(Items from a data source)
··········
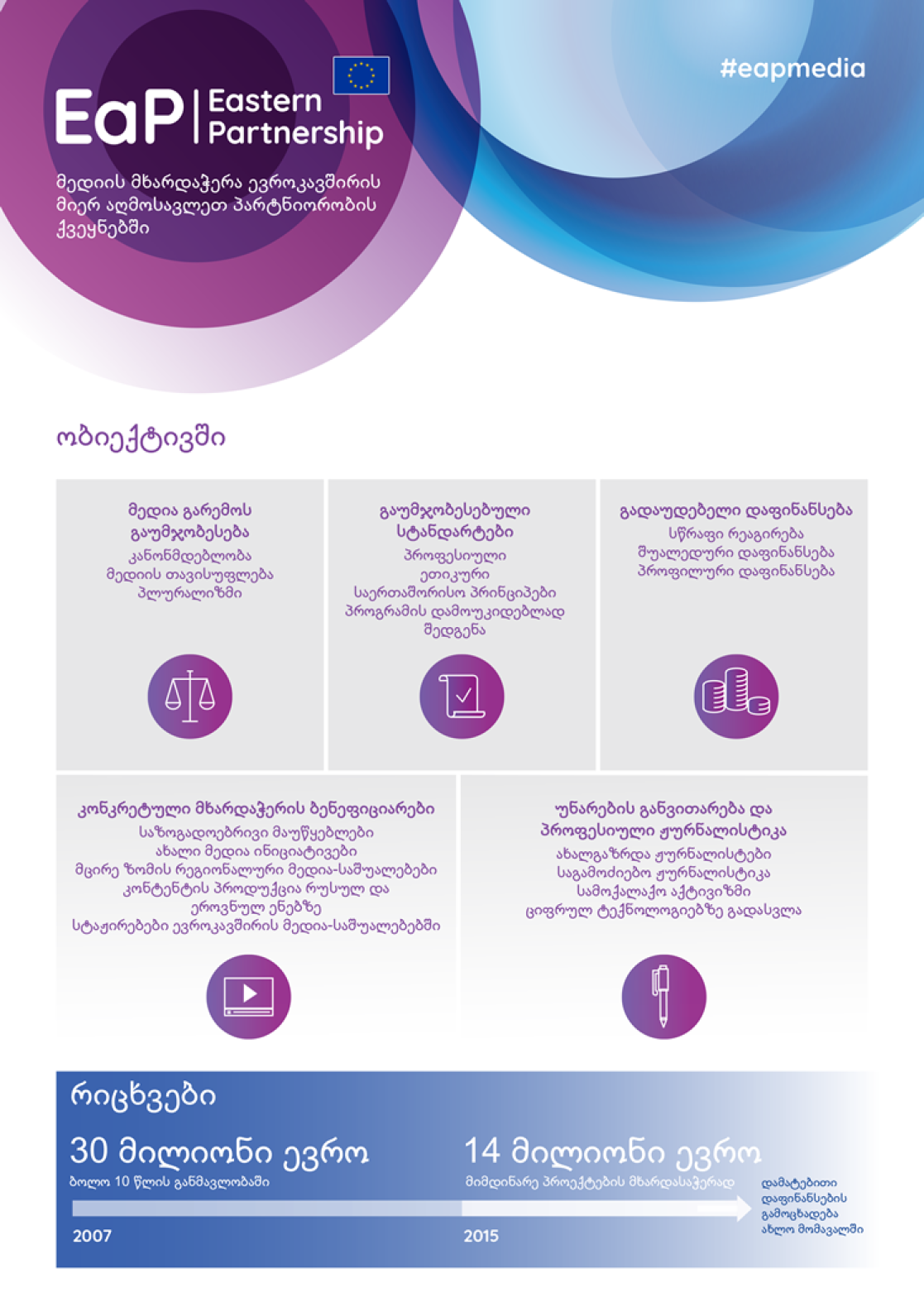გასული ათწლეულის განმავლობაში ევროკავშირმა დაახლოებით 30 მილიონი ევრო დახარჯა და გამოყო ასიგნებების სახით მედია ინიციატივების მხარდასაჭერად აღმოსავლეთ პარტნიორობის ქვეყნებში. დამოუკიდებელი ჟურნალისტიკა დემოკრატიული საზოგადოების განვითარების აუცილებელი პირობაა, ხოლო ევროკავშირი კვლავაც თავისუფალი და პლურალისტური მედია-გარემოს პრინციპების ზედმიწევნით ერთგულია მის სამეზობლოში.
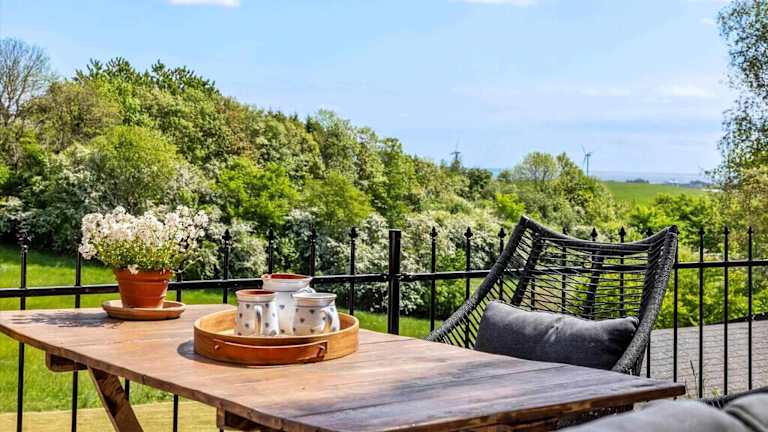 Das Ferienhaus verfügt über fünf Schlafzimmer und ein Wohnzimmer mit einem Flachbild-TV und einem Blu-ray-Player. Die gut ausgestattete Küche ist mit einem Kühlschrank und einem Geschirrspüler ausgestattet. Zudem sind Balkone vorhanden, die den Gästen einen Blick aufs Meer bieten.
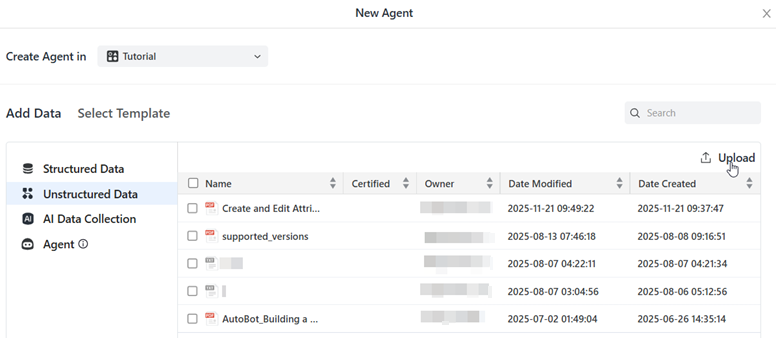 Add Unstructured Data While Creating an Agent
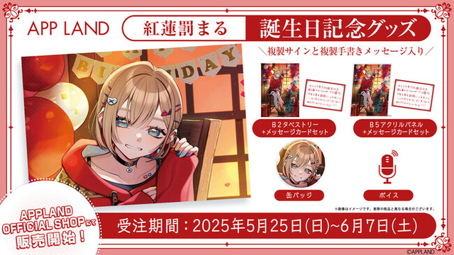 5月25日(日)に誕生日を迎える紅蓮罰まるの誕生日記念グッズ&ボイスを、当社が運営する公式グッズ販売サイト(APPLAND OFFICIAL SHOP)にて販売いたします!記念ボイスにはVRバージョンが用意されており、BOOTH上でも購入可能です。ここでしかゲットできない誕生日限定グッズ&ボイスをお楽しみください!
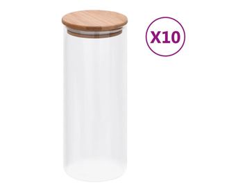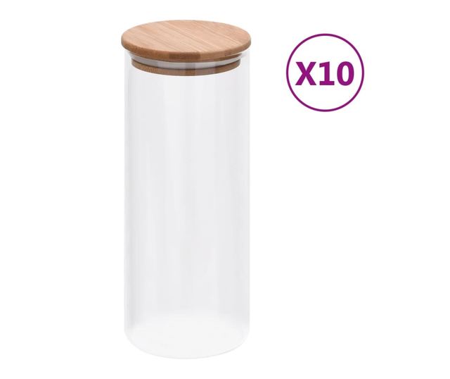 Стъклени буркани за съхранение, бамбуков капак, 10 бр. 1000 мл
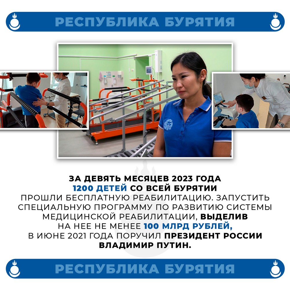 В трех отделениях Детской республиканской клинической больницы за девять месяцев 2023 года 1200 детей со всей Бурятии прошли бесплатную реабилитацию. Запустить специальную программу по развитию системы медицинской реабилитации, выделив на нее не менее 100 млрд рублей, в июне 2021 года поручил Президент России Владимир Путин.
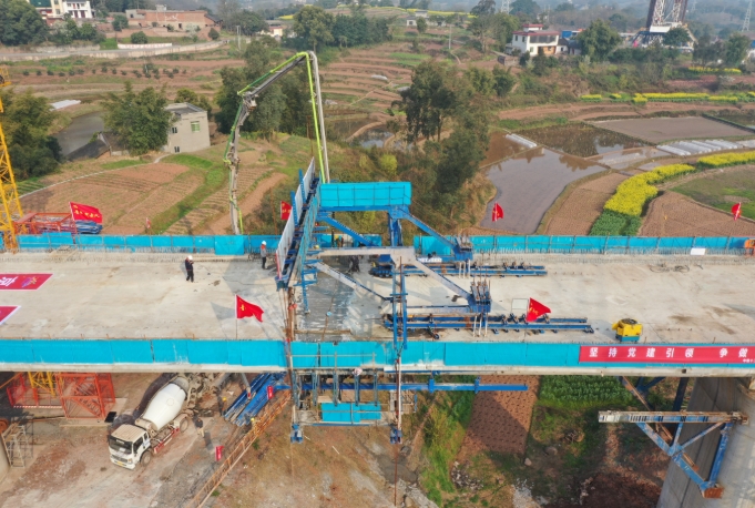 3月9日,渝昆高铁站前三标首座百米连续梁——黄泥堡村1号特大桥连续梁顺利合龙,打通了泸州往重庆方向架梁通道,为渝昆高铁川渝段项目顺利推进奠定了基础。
··········
-- Assigned task --
Your task is to set down each line above verbatim while excluding the pictures.

-- Output --
გასული ათწლეულის განმავლობაში ევროკავშირმა დაახლოებით 30 მილიონი ევრო დახარჯა და გამოყო ასიგნებების სახით მედია ინიციატივების მხარდასაჭერად აღმოსავლეთ პარტნიორობის ქვეყნებში. დამოუკიდებელი ჟურნალისტიკა დემოკრატიული საზოგადოების განვითარების აუცილებელი პირობაა, ხოლო ევროკავშირი კვლავაც თავისუფალი და პლურალისტური მედია-გარემოს პრინციპების ზედმიწევნით ერთგულია მის სამეზობლოში.
 Das Ferienhaus verfügt über fünf Schlafzimmer und ein Wohnzimmer mit einem Flachbild-TV und einem Blu-ray-Player. Die gut ausgestattete Küche ist mit einem Kühlschrank und einem Geschirrspüler ausgestattet. Zudem sind Balkone vorhanden, die den Gästen einen Blick aufs Meer bieten.
 Add Unstructured Data While Creating an Agent
 5月25日(日)に誕生日を迎える紅蓮罰まるの誕生日記念グッズ&ボイスを、当社が運営する公式グッズ販売サイト(APPLAND OFFICIAL SHOP)にて販売いたします!記念ボイスにはVRバージョンが用意されており、BOOTH上でも購入可能です。ここでしかゲットできない誕生日限定グッズ&ボイスをお楽しみください!
 Стъклени буркани за съхранение, бамбуков капак, 10 бр. 1000 мл
 В трех отделениях Детской республиканской клинической больницы за девять месяцев 2023 года 1200 детей со всей Бурятии прошли бесплатную реабилитацию. Запустить специальную программу по развитию системы медицинской реабилитации, выделив на нее не менее 100 млрд рублей, в июне 2021 года поручил Президент России Владимир Путин.
 3月9日,渝昆高铁站前三标首座百米连续梁——黄泥堡村1号特大桥连续梁顺利合龙,打通了泸州往重庆方向架梁通道,为渝昆高铁川渝段项目顺利推进奠定了基础。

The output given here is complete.